描述（由申请人提供）：为了超过最小尺寸（3 mm3），肿瘤必须产生新的血管供应（血管生成），以实现气体交换，细胞营养和废物处理。在许多血管生成因子中，VEGF-A已被证明是肿瘤血管生成和相关的微血管渗透性对血浆蛋白的最重要的因素。已经开发出一种对VEGF-A165的人源化抗体，已开发并证明可以有效治疗几种类型的癌症。但是，阿瓦斯汀具有明显的毒性副作用。因此，希望确定VEGF信号的下游目标是否可以用作有前途的治疗靶标的毒性较少。我们最近的工作表明，在培养的内皮细胞和病理血管生成中，VEGF-A165高度上调了孤儿核受体TR3（小鼠类似物，NUR77），在VEGF-A165诱导的内皮细胞增殖和生存中，植物和伴随的植物生存是vEGF-A165所必需的。 TR3 cDNA的过表达在体外以及体内的基质凝胶血管生成中诱导的内皮细胞增殖和存活，即使在没有VEGF-A165的情况下也是如此。 TR3在血管生成中的功能是必需的。

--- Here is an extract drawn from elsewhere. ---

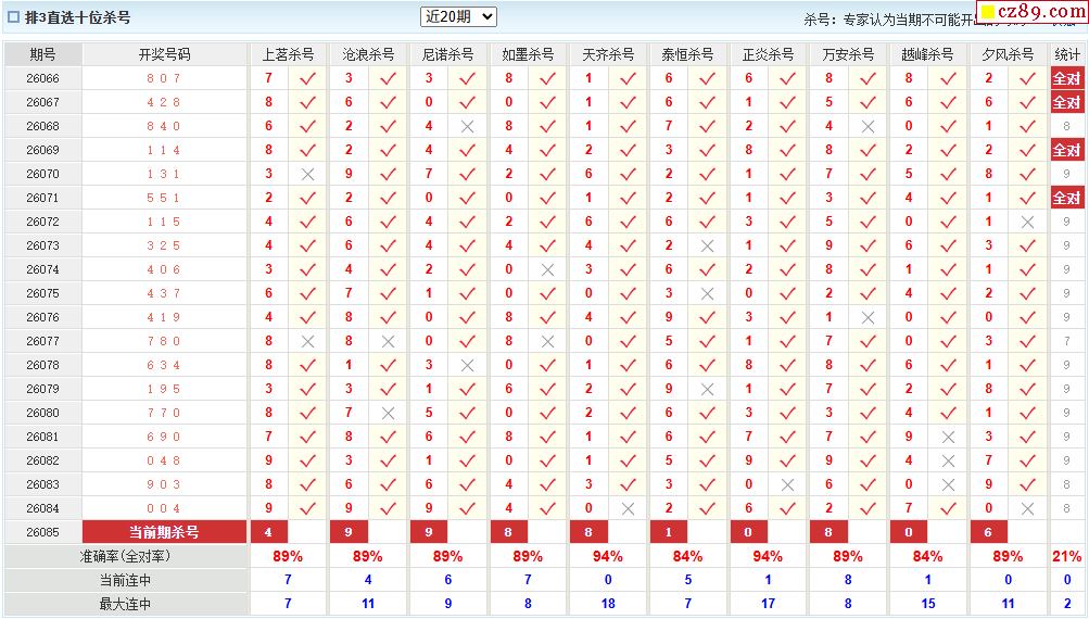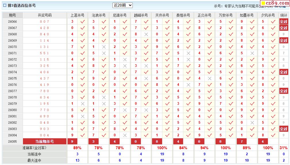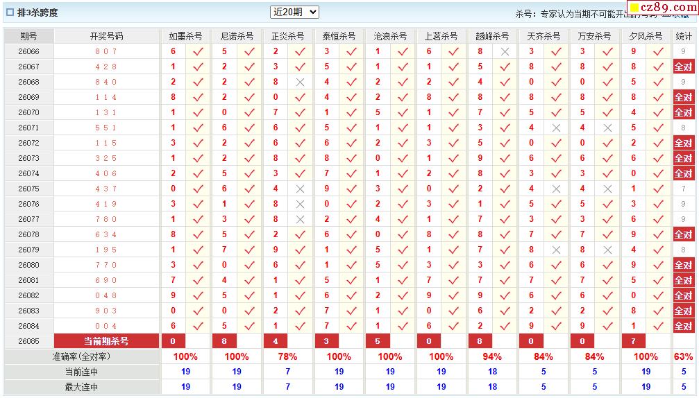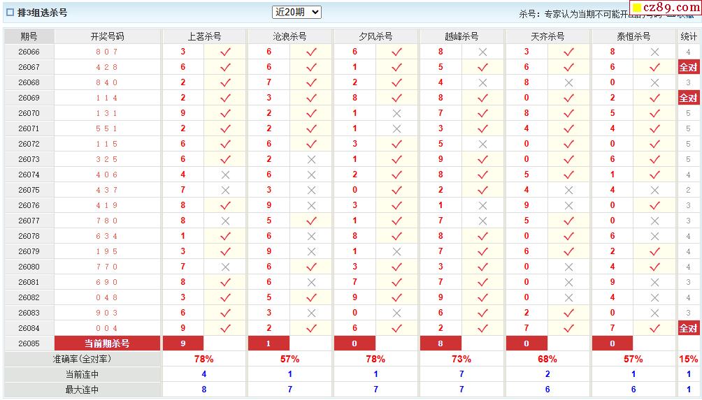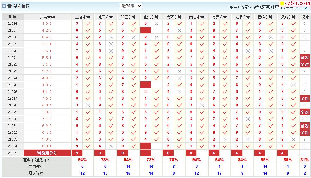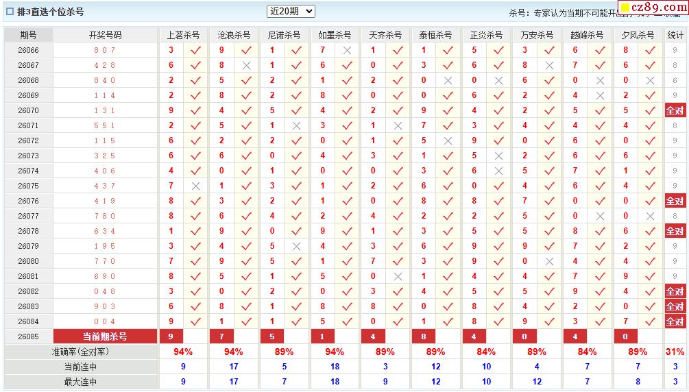 26年085期彩宝贝专家体彩P3杀号定码图表

此外，在NUR77 - / - 小鼠中，B16黑色素瘤的生长完全受到抑制肿瘤血管生成。 NUR77 - / - 小鼠没有明显的发育缺陷。我们的总体假设是，TR3/NUR77通过调节血管生成和相关微血管通透性来调节肿瘤的生长。为了证明我们的假设并洞悉分子机制，我们将研究转基因小鼠的肿瘤生长，即AIM 1中的小鼠内皮中抑制NUR77活性。我们的第二个目标将调查TR3/NUR77调节肿瘤血管生成及其与ve-Cadherens of Ve-Cadherions de-Cadherensebensions gribensebense nerderense hearsherenserens nerderense nerderense nerderense nerderence nerderense nerderense nerherenserens nerherdensebensebensions nagctctctctctctctctctctctsctions in tr3/nur77。在最后一个目标中，我们将描述TR3调节VE-钙粘蛋白表达的转录机制。这项研究的信息不仅将增强我们对肿瘤发生病理生物生物学的理解，而且还可以帮助我们开发有效的治疗方法来治疗癌症。公共卫生相关性：肿瘤生长的机制在很大程度上尚不清楚。我们目前的建议将确定NUR77是癌症治疗的绝佳目标。